This was hard to read; the writer really did not come from the school of succinctness. If the writer is reading this, please try making an edit where you remove as much of the fluff and rephrase sentences like:
> When I read this detail, tucked away near the end of a Guardian article, I winced to see another of my predictions come true; that the ‘Butlerian Jihad’ would soon enter public life not as mere literary metaphor, but as a kind of political vocabulary, one destined to spiral into paranoia and violence.
Into something like:
> This idea of the "Butlerian Jihad" horrified me. We are misunderstanding Herbert's subtle warning about humans being forced to become like machines as a rallying cry against AI companies. I fear that this will lead to paranoia and violence.
I think that if the entire article was edited like that it would be a lot more readable.
They’re saying that the popular conception of a “Butlerian Jihad” is a pale shadow of what Frank Herbert outlined over the course of four novels, all of which are… look, have you read any of them? Whatever virtues you care to ascribe to Dune, “succinct” is not one of them.
I strongly prefer the original to your edit.
The author did not say they felt horror, nor fear, nor misunderstanding.
They winced at repetition and predictability, and they let the reader experience their own emotion that followed.
As well intentioned as it is, these kind of edits subvert the author's intent -- and in this case, also erases evidence of a culture that uses apostrophes for quoting.
Maybe he should run it through AI to get a more readable version.
Why not ask an LLM to summarize it for you if you don't have the patience to sit with some prose for a bit.
I disagree, I thought it was well-written.

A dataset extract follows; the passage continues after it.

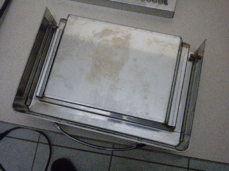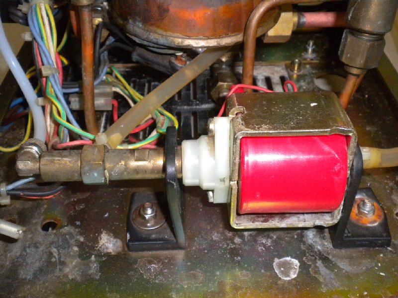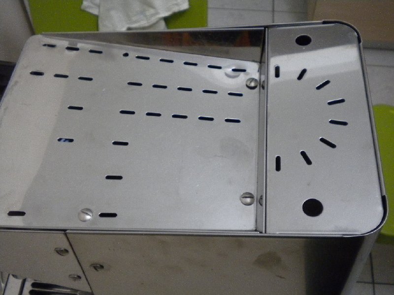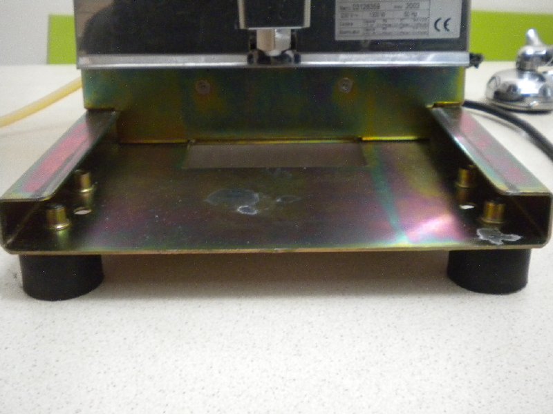 Η χοντρη λαμαρινα εχει συστημα ελεγχου της ποσοτητας νερου στο δοχειο που δουλευει με το βαρος του.Οταν ελαφρυνει το δοχειο τοτε ενας διακοπτης κλεινει την παροχη ρευματος της μηχανης.Απλα το καταργουμε για ευνοητους λογους.

Its' greater sin in my view was attempting to present simple pedantry as politically relevant. The literary criticism I found enjoyable, convincing, and devoid of actionable political insight.
Your proposal does not mean the same thing as the original paragraph.

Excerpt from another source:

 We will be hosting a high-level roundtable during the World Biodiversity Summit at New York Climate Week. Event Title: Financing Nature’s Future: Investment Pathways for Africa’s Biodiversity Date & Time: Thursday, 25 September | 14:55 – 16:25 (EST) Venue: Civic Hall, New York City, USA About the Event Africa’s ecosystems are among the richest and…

Style is a thing. Your version is not better.
Your version is considerably worse, and imo, more verbose. It misses a multitude of subtleties that the author packs into a single phrase, and frankly, doesn’t even come close to saying the same thing.
I chalk it up to an American technical class who consider the height of good writing to be an O’Reilly book.
I find that the first paragraph tells a better narrative. I prefer it muchly. The second paragraph doesn't make sense and is saying more than the first. It feels both dumbed down and more confusing.